Design, setting, and patients:
Data on demographics, stage, histology, and survival were obtained on
all black and white patients with primary bronchogenic carcinoma
registered in the community-based metropolitan Detroit Surveillance,
Epidemiology, and End Results database from 1973 to 1998.
Results: Of 48,318 eligible patients, 23% were black. Lung
cancer incidence rates decreased for men of both races from 1985 to
1998, with a greater decline occurring in black men (p < 0.0001).

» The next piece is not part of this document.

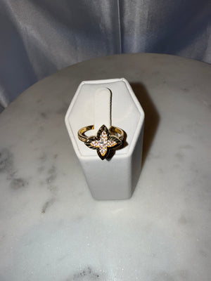 A stunning ring featuring a dazzling fleur-de-lis design encrusted with high-quality round-cut diamonds. A bold piece that signifies strength and perfection.

Although incidence rates declined over time for men of both races< 50 years of age, this decrease was greater in white men, resulting
in an increase in the racial differential in younger men. Temporal
trends in incidence rates were similar for women of both races. The
incidence of distant-stage disease was higher among blacks throughout
the study period. The incidence of local-stage disease decreased for
both races, though this decline was greater in blacks. A significant
racial difference in 2-year and 5-year survival rates developed during
the study period, due to a distinct lack of improvement in black
patients. In a multivariate model, the relative risks of death for
black patients, relative to white patients, were 1.24 (p < 0.0001)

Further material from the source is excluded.